There was no way that Aliens vs. Predator: Requiem could possibly be as bad as the first Alien vs. Predator. Not only was Paul W.S. Anderson out of the picture, the psychotic mythology about adolescent predator aliens (of the classic Predator and the not-classic Predator 2) hunting slimy black aliens (of the increasingly debased Alien series) in a giant Antarctic pyramid had been jettisoned in favor of throwing some aliens at Small Town, USA, and loosing the predators to mow them down. It would be rated R again, not the fainting-couch niceness of the PG-13 that kept AVP from the elaborate gore that has been a mainstay of both franchises since their origins. And most importantly, Paul W.S. Anderson was out of the picture.

No sir, a worse AVP film than the first one just couldn't be made. Except that, impossibly, it has. Aliens vs. Predator: Requiem is unmitigated trash in almost every way.

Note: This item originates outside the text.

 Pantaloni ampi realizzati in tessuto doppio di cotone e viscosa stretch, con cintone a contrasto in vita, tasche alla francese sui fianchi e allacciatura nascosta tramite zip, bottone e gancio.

The new film starts approximately four seconds before the last film ended, so as to remind us that a predator-alien hybrid has just been born. For a couple minutes, it's merely dreary and not unspeakably foul, as we follow a few predators around their nondescript ship, trying to hunt the beast before it kills them all and crashes their ship, along with its cargo of those crab-shaped alien things that plant their spawn in your belly. The ship lands in the mountains outside Gunnison, Colorado, British Columbia, where scenes of the two species slithering around in the sewers are intercut with selections from the local community college production of Peyton Place.

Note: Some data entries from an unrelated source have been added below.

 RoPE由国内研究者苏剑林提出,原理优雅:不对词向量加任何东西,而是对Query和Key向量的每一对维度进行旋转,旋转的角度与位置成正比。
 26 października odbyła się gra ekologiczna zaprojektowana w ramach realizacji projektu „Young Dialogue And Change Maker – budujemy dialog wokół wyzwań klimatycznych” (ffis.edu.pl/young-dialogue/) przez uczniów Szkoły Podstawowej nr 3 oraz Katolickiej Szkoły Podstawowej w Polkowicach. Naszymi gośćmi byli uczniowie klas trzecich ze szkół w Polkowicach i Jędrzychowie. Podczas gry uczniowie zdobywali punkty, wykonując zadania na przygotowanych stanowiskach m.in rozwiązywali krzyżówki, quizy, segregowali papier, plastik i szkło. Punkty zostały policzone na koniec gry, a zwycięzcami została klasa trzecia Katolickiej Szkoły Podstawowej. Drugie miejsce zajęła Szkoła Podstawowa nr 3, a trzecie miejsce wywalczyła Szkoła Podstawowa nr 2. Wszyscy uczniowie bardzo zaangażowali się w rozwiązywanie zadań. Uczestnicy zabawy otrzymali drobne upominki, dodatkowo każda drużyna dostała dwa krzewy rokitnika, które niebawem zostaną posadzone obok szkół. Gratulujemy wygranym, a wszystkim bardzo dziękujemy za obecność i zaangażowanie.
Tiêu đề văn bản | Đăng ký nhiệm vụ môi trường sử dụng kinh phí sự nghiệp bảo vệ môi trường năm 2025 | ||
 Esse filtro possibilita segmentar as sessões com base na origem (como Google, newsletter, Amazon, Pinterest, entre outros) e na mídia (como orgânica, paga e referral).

Seriously, I understand that crappy horror movies need big casts of quickly-defined characters, but it's been a lot of years since there has been a film with such a very large cast, so full of people that I can't quite distinguish from one another. Mostly, it's only possible to define characters in terms of their interrelationships: the girl whose ex-boyfriend beat up the nerd whose brother is friends with the cop who is trying to comfort the woman whose husband and boy are missing. Only one character, the closest we get to a protagonist, really sticks out in my mind, and that is because he is named "Dallas" in an ill-advised reference to the Ridley Scott movie. Also, he is played by Steven Pasquale, and must therefore pass as the film's "name" actor. Otherwise, it's strictly a panoply of day-players and TV character actors.

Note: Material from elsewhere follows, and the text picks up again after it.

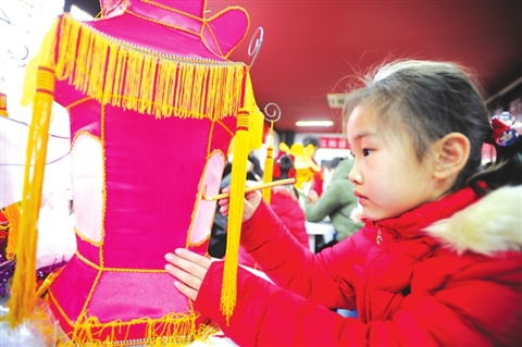 新莊小學六年級的吳嘉怡同學做了一只小雞燈籠,她說自己特別喜歡毛茸茸的小雞仔,不僅是因為今年是雞年,還因為她也是屬雞的。吳嘉怡說,9月份她就要升入初中了,以后可能沒有很多時間來做手工物件了,“我要把今天做的小雞燈籠帶回家,當做元宵禮物送給奶奶。”
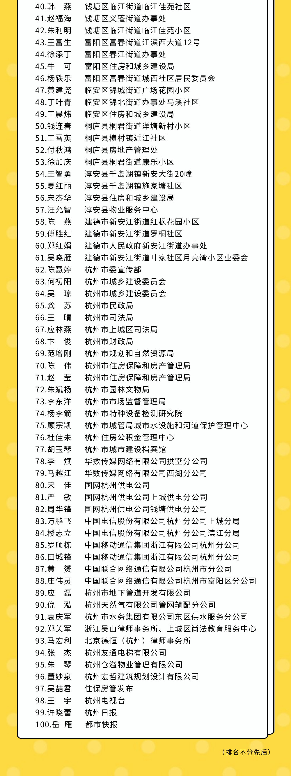 傳播加梯“好聲音”,凝聚加梯“正能量”,為此,杭州啟動了“最美加梯人(項目)”評選活動。每一臺加梯背后都有積極牽頭、支持參與加梯的業主(不少是低樓層業主);有全心全意、辛勤付出的街道、社區工作人員;有統籌指導、協調服務的各級有關部門人員;有全力支持、提供優質服務的管線單位工作人員;以及相關專家、人大代表、政協委員、熱心市民等社會人士,他們用心用情、不求回報參與加梯志愿服務……與此同時,杭州電視臺、《杭州日報》、《都市快報》等主流媒體也積極關注報道加梯工作,他們傳遞加梯信息、講好加梯故事、挖掘加梯做法,營造良好輿論氛圍,加深群眾對加梯的理解,為一個個成功加裝電梯項目貢獻了堅實的媒體力量。

In a film bursting with conspicuous flaws, the most obvious is that we are stuck watching an endlessly unappealing series of minidramas, primarily the sub-sub-sub-One Tree Hill tale of pretty Jesse (Kristen Hager) and pretty Ricky (Johnny Lewis) who has a not-secret crush on her. The film isn't a slasher, but its lockstep adherence to the teen soap formula makes it very easy to think that it wants to be. I suppose writer Shane Salerno (who, at the tender age of 25, got his big break as one of the five authors of Armageddon) had it in his head that all this would make us feel more when the characters start to die explosively bloody deaths, or more likely he knew that the promise of sex amongst twenty-something teenagers keeps asses in theater seats. Instead, it's a perfunctory distraction from the main event.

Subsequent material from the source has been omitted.